Стремясь переключить внимание на телесный субстрат, который служит посредником при взаимодействии человека с системами культурных значений, некоторые теоретики (к примеру, Ник Кросли и Томас Чордаш – см.: Crossley 1995 и Csordas 1999) взяли на вооружение феноменологические концепции Мерло-Понти. В частности, стимулом для предпринятой Кросли попытки развить новое направление, получившее название «плотская социология» (carnal sociology), перейдя от анализа разнообразных вариантов воздействия на тело культурных установок к анализу активной роли тела в социальной жизни, было представленное Мерло-Понти доказательство того, что «наше тело – это средство, обеспечивающее наше бытие-в-мире, наше непосредственное восприятие мира и нашу принадлежность миру» (Crossley 1995: 48). Как утверждает Кросли, признание, вслед за Мерло-Понти, телесной природы нашего существования, от которой нам никак не уйти, создает базовую предпосылку для преодоления редукционистской концепции, в которой тело предстает не активным культурным посредником, а пассивным накопителем культурного багажа. Процитирую:
[По мнению Мерло-Понти,] в основе восприятия лежит поведение; то есть благоприобретенные, культурно обусловленные, вошедшие в привычку формы поведения, к которым относится то, как мы смотрим, слушаем, осязаем и т.п. Воспринимающее тело выстраивает само себя <…> приводя в действие нажитые перцептивные схемы. Оно ведет себя не как пассивный получатель, которому мир адресует свои послания, но как активный дознаватель, требующий от мира ответов, исходя из освоенных культурных схем (Ibid.: 47).

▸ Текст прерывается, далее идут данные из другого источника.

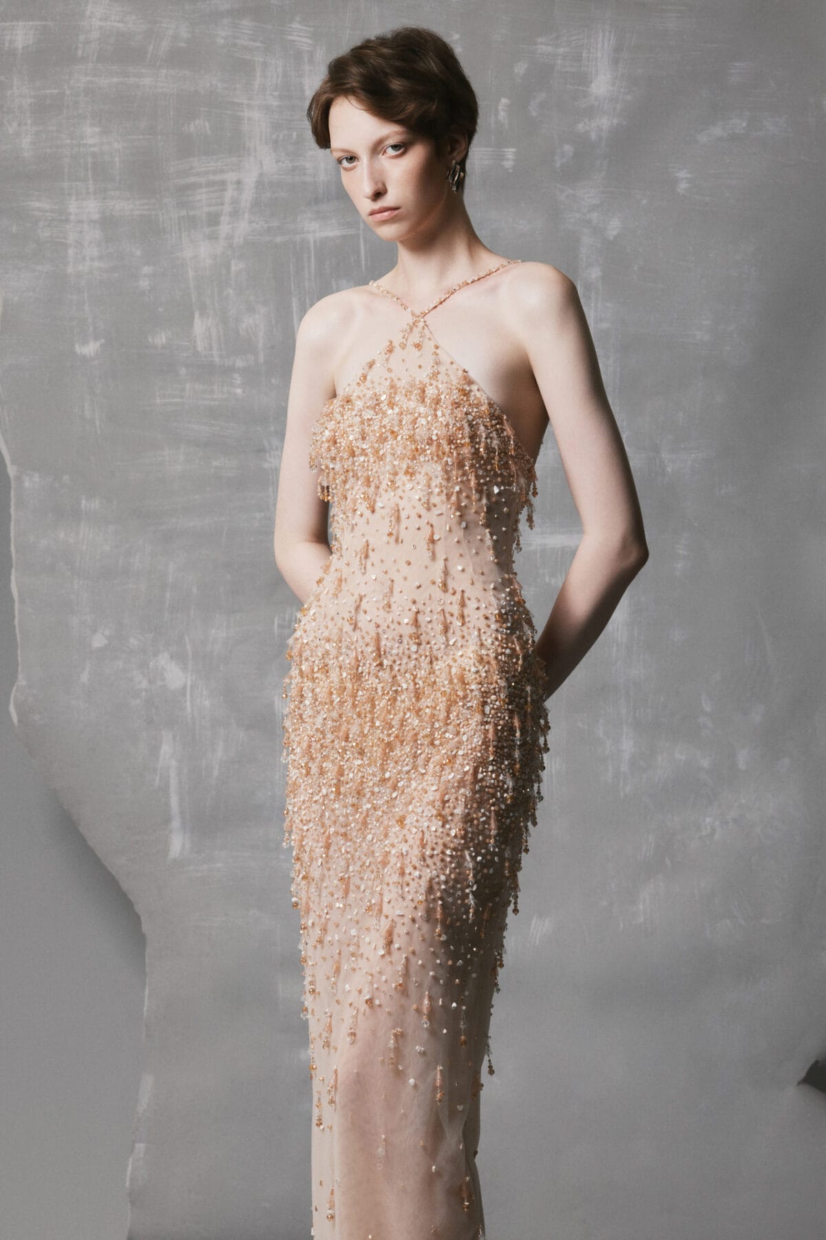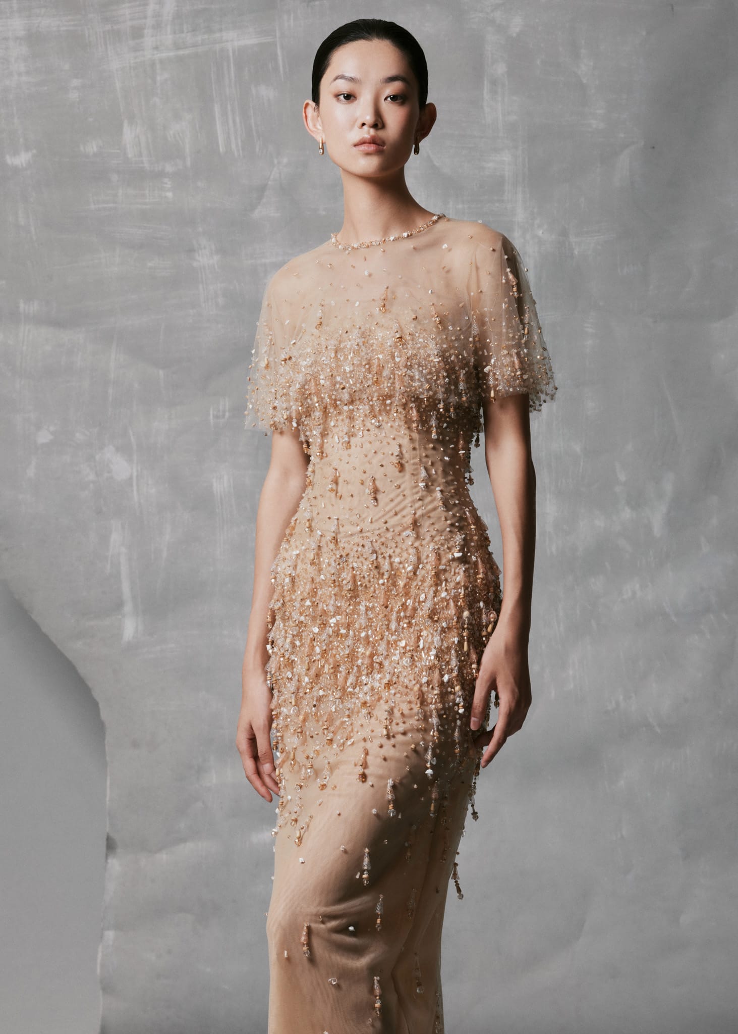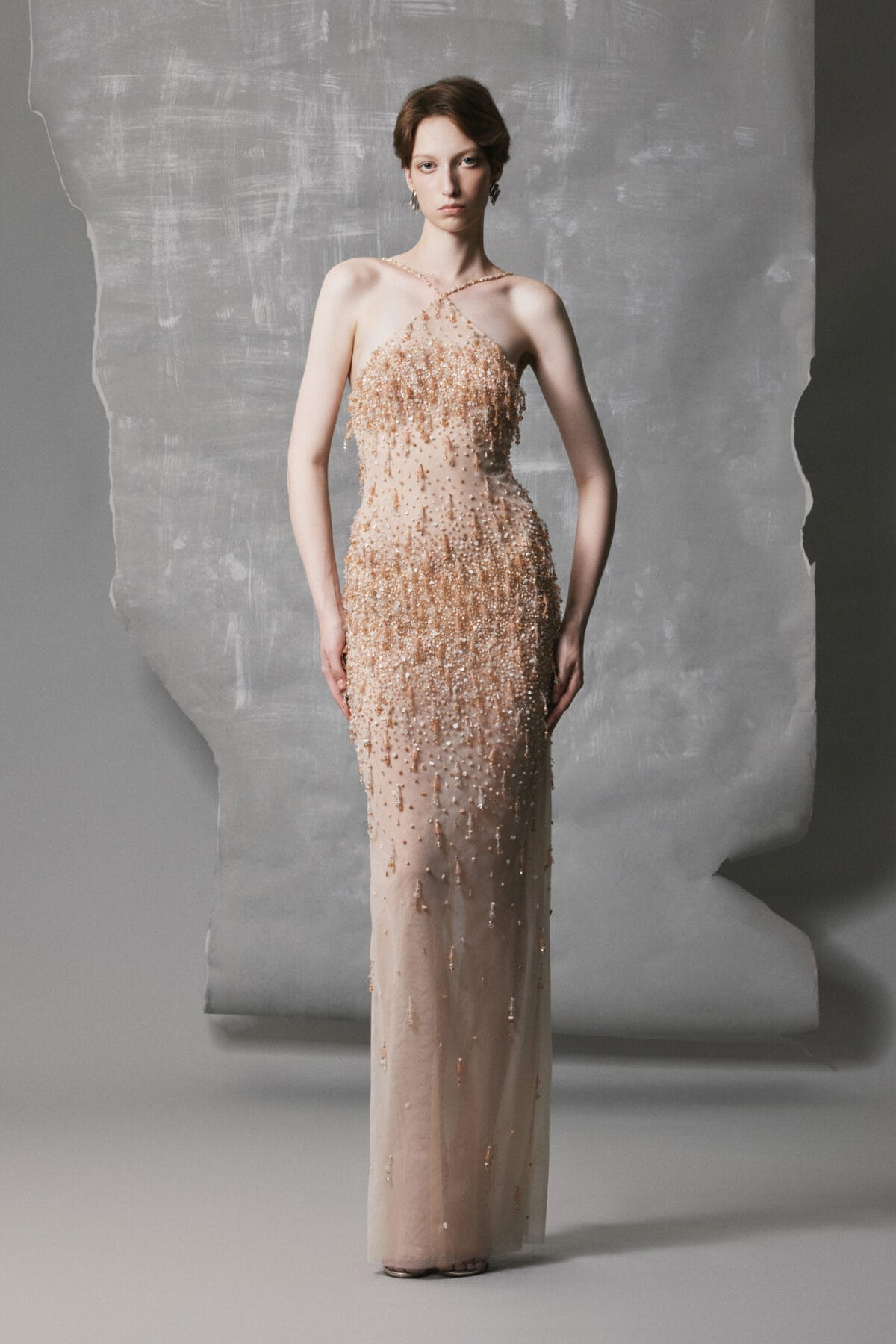 This Nude Mesh Gown is crafted from delicate mesh and hand-embroidered with crystal drops cascading from the bodice to the hem, creating a luminous, liquid-like shimmer. The gown includes a detachable sheer cape in matching nude tone, adding ethereal volume and fluid movement. Its straight column silhouette and refined round neckline balance elegance and simplicity, making it perfect for evening events or special occasions.

Несмотря на то что тело не существует прежде и независимо от получаемых им культурных установок, оно также не является их продуктом. Скорее следует говорить о диалектических взаимоотношениях между телом и культурой, в которых каждая сторона заведомо отражает другую, но при этом не ограничивается содержанием и формой этого отражения, представляя собой нечто значительно более сложное. Кросли поясняет, что феноменология Мерло-Понти преодолевает ложный дуализм, ставящий на один полюс тело как дискурсивный объект, а на другой – тело как форму живой плоти, так как у Мерло-Понти тело рассматривается как активный посредник, который взаимодействует с миром, пользуясь целым арсеналом усвоенных культурных навыков и техник. «Он помогает нам понять, что представляющие людей агент-субъекты – это их тела, как и то, что тела – это способные к чувственному восприятию, общительные, практичные и разумные существа» (Ibid.: 60).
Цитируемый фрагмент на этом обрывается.